Project Description: Hybrid images are images that have two distinct interpretations: they look like one thing when viewed up close, and like another when viewed at a distance. Hybrid images are created by combining the high frequency part of one picture with the low frequency part of another. Since high frequency signals dominate perception when they're available, we see the high-frequency image from up close. When we back up (or, equivalently, shrink the image), only the smoother, low-frequency part of the image is visible, so we see the second picture. The purpose of this project was to generate several of these hybrid images.

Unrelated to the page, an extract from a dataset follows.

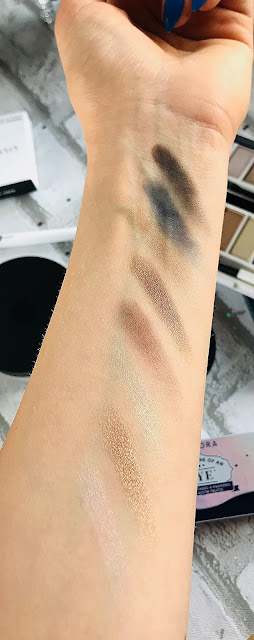 Cienie niestety trochę mnie zawiodły. Są dość suche i do mocno napigmentowanych nie należą, ale kolory są naprawdę ładne i moim zdaniem dobrze dobrane. Brakuje mi jedynie bazowego cienia. Jest małych rozmiarów, więc nada się w podróż. Jest idealna do dziennych, zwykłych makijaży. Wieczorowego makijażu nią nie stworzycie ze względu na pigmentację. Poniżej zobaczycie swatche. Po tym ciemnym granatowym spodziewałam się znacznie więcej. A wygląda jakby był wyblakły. Może to, że jest to w pełni naturalny produkt, ma na to wpływ. Nie wiem, nie miałam wcześniej paletki cieni z dobrym składem. Z reguły były to palety drogeryjne, w których nie brak substancji zapachowych oraz talku. Inaczej w przypadku paletki Lily Lolo, która jest idealna dla wegan oraz alergików. Nie mówię, że to zła paleta, ale na dany moment oczekuję od cieni do powiek czegoś więcej ;) Na pewno będzie idealna dla osób początkujących oraz takich, które stawiają na delikatny, naturalny makijaż.

Algorithm Design: On a high level, the algorithm proceeds as follows. Two images are loaded, aligned (as defined by two points on each image inputted by the user), and cropped to be the same size. Next, the Gaussian and Laplacian image pyramids of the two images are generated. (The Gaussian pyramid of an image is formed by successively applying a Gaussian filter and downsizing. The image in the Laplacian pyramid at level i defined as follows: take the image in the Gaussian pyramid at level i, apply a Gaussian filter, and subtract the resulting filtered image from the original image at Gaussian level i.) After generating the pyramids, add the first L levels of one image's Laplacian pyramid (this will be the dominating, high-frequency image) to the last N-L levels of the second image's Laplacian, and then add the last image from the second image's Gaussian. When adding the images together, it is necessary to resize them so that they all have the same dimension.

Most of the creativity in the coding of this project came in how to generate the pyramids. The size and variance of the Gaussian filter, the number of levels in the pyramids, the downsizing ratio for each step of the pyramid: all of these needed assignment. I had no systematic way of setting these parameters; it was all trial-and-error, and they varied from one hybrid image to the next. When downsizing, I typically chose a factor of about (.02)^(1/N), where N is the number of levels in the Gaussian. This way, the final image of the Gaussian would always be one-fiftieth the size of the first image, no matter how many levels I chose. Also, when downsizing I usually used the 'bilinear' interpolation, since this seemed to smooth out the downsizing some. I also used it when upsizing, for the sake of consistency. Throughout this program, I made heavy use of predefined MATLAB functions. It might be possible to get slightly better results by hard-coding some of the functions myself, but a) I doubt it and b) that would take forever.

Results

CATDOG. The example on the class's project webpage is of the same two pictures, but with the cat as the dominating high-frequency picture.

DOGGYSTEIN. I left it uncropped to make it artistic, not because I forgot. Duh.

CATMAN. The man's hair blends in with the cat's ear, and his face is directly over the cat's face. This image is effective because the low-frequency man could be interpretted as just different colors of the cat's fur.

NEW PHONE, OLD PHONE. I tried to make the low-frequency rotary phone's receiver blend in with the top of the high-frequency Blackberry. This was honestly my worst hybrid image, but I liked the future-to-past concept.

GHOST CLUTTER. The other images are dominated by the high-frequency image. Even in the smaller images, the high-frequency objects are still subtly perceptible. In this hybrid image, I tried to make the high-frequency image faint and ghostly.